# Movers/Cargo from Dubai to Perth



## shakeeltabu (Sep 19, 2012)

Hi Guys..

Planning to move from dubai to Perth within 2 months.Does anybody know any movers/cargo agency who do it on cheaper rates.Even looking for sharing with someone container.

Need info guys


----------



## Jager (May 26, 2012)

shakeeltabu said:


> Recently got PR for australia.Need to move to perth by sept.Dont know anyone in perth nor anything about it.If you are from WA can you compare dubai with perth.few advantages and disadvantages.After getting used to busy lifestyle in dubai will it be easy to move into world's most isolated and laidback city?Bit scared.Need help..


Shakeeltabu, I saw you post in the Dubai After One Yearthread, but thought that rather than take that thread off topic, I'd reply to your related psot here.

I'm from Perth, making the reverse journey to you and planning to move as soon as the necessary approvals come through.

You shouldn't feel to uncomfortable here - we have a large population of Indians, both professionals and students who have made Perth their home. 

The city is large, clean, relatively modern and the people are friendly. The weather is great, and we have a very outdoors oriented lifestyle aligned to the rivers and the beaches that you get in few other places.










The city centre istelf doesn't have much ofa 'vibe' on evenings or weekends because like a lot of American cities, almost no one lives in the city cetre itself. Most people live in the sprawling suburbs outside the city that run north and south along the coast. Hence, it can feel a little lifeless to tourists of business travellers staying in the city, but there are always things happening elsewhere.

It is however an expensive place to live due to relative prosperity that's resulted from the mining boom that has driven up the cost of everything from food to rent. In 2011, a Mercer study rated Perth the 30th most expensive city in the world (Dubai was ranked 81st in the same survey), so expect your cost of living to jump by at least 30% and bear that in mind when considering jobs/ salaries.

There is a specifi thread under the Australian section of this forum on Perth cost of living. You might be better posting some of your questions in the Australian section rather than Dubai section if you haven't already done so.

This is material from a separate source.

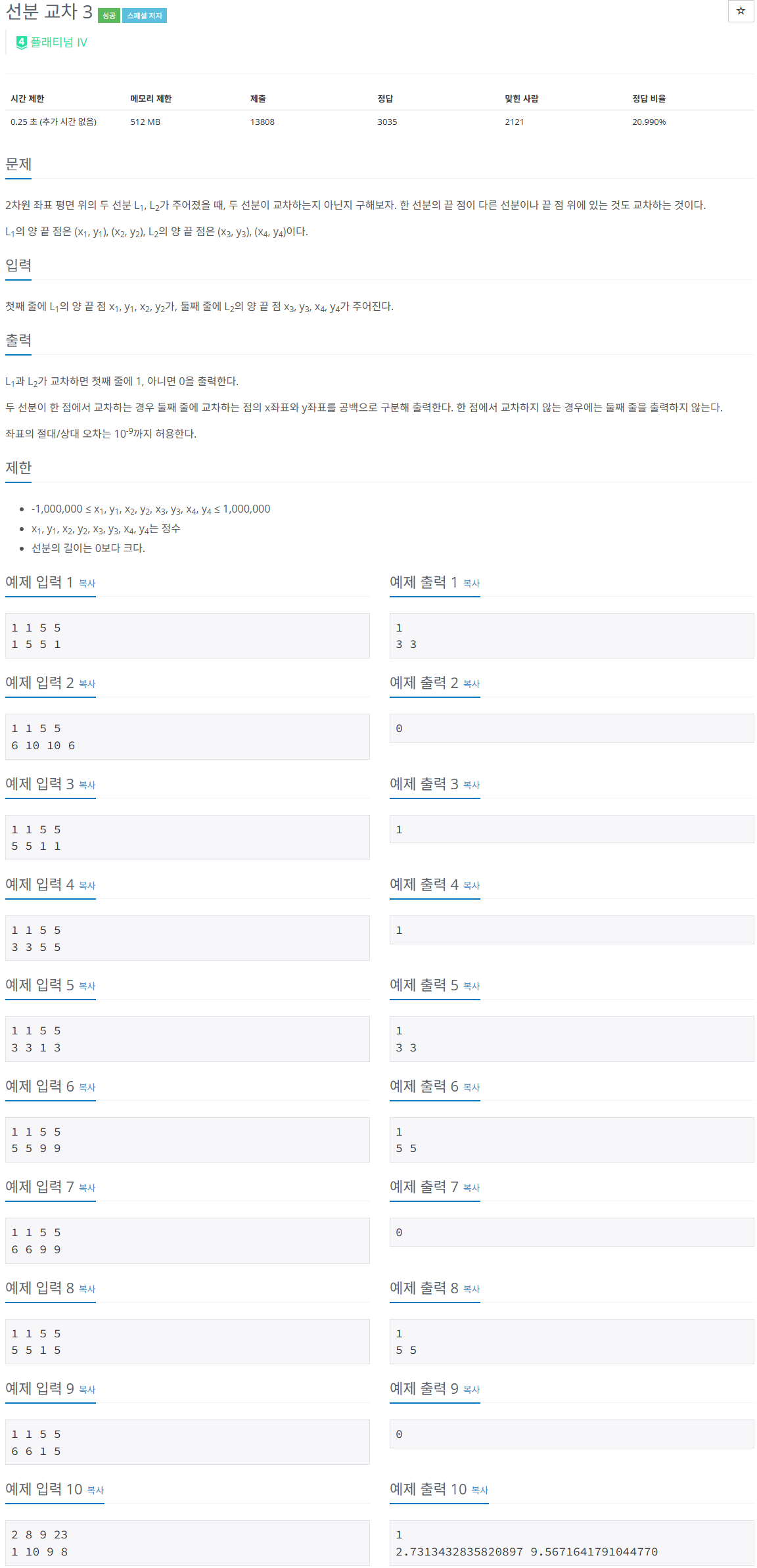 두 선분의 교차 여부와, 교점이 1개일때 그 교점의 좌표를 구하는 문제이다.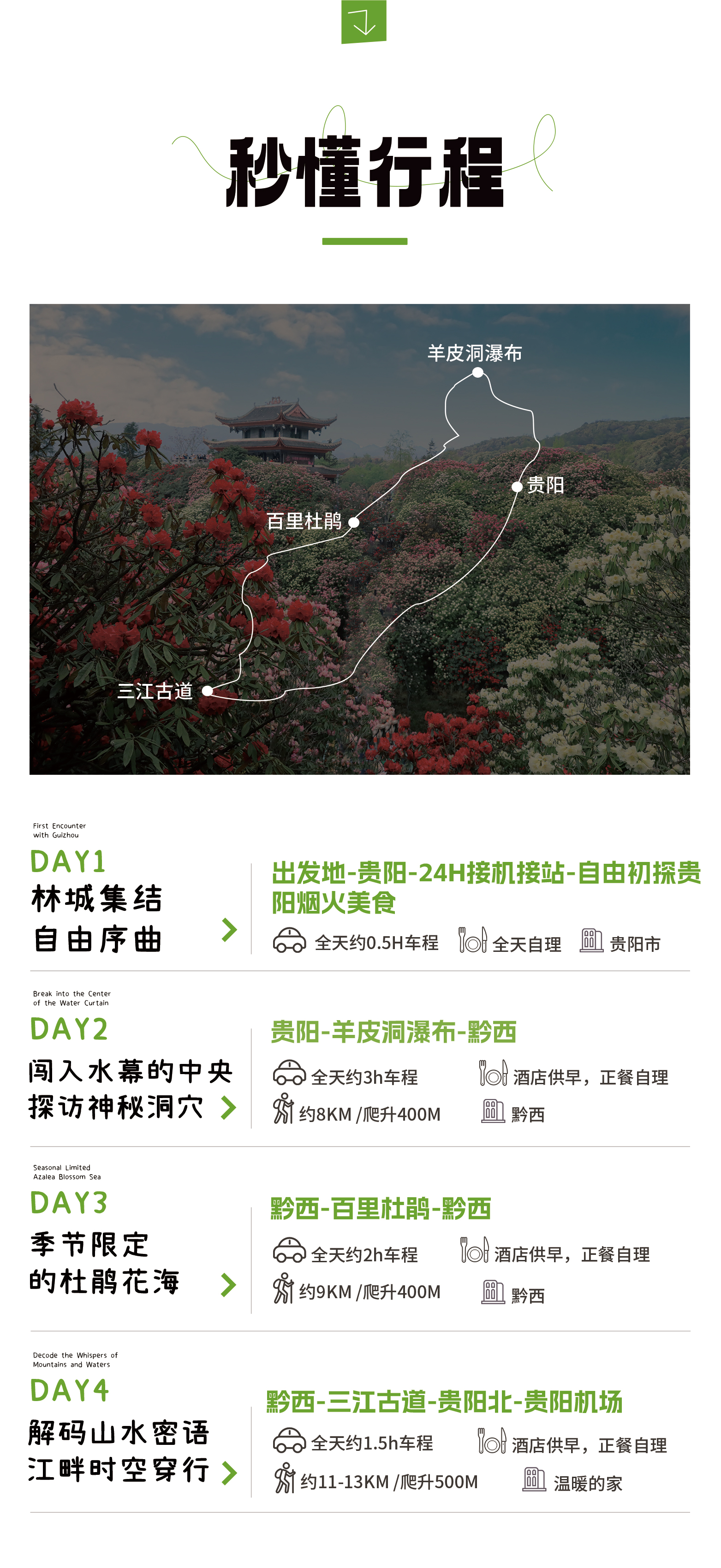 大家根据出发地的高铁动车/航班时间抵达【贵阳龙洞堡机场、贵阳北站、贵阳东站、贵阳站】。我们提供24小时接机/接站服务,车次时间不限,随到随接,早到早玩。

http://www.expatforum.com/expats/au...a/102901-salary-advise-cost-living-perth.html

Feel free to PM me if you have any specific questions.


----------



## shakeeltabu (Sep 19, 2012)

Thanks for your amazing reply...





Jager said:


> Shakeeltabu, I saw you post in the Dubai After One Yearthread, but thought that rather than take that thread off topic, I'd reply to your related psot here.
> 
> I'm from Perth, making the reverse journey to you and planning to move as soon as the necessary approvals come through.
> 
> ...


----------



## basketballfan (Aug 21, 2013)

*I'm also moving from Dubai to Perth*

Hey Shakeel,

I am also planning to move from Dubai to Perth very soon. Can you please share your experience with me? I'm mainly concerned about the following:

1. How long does it take to get a job there? Can I apply from here or will employers not even consider me because I'm abroad? 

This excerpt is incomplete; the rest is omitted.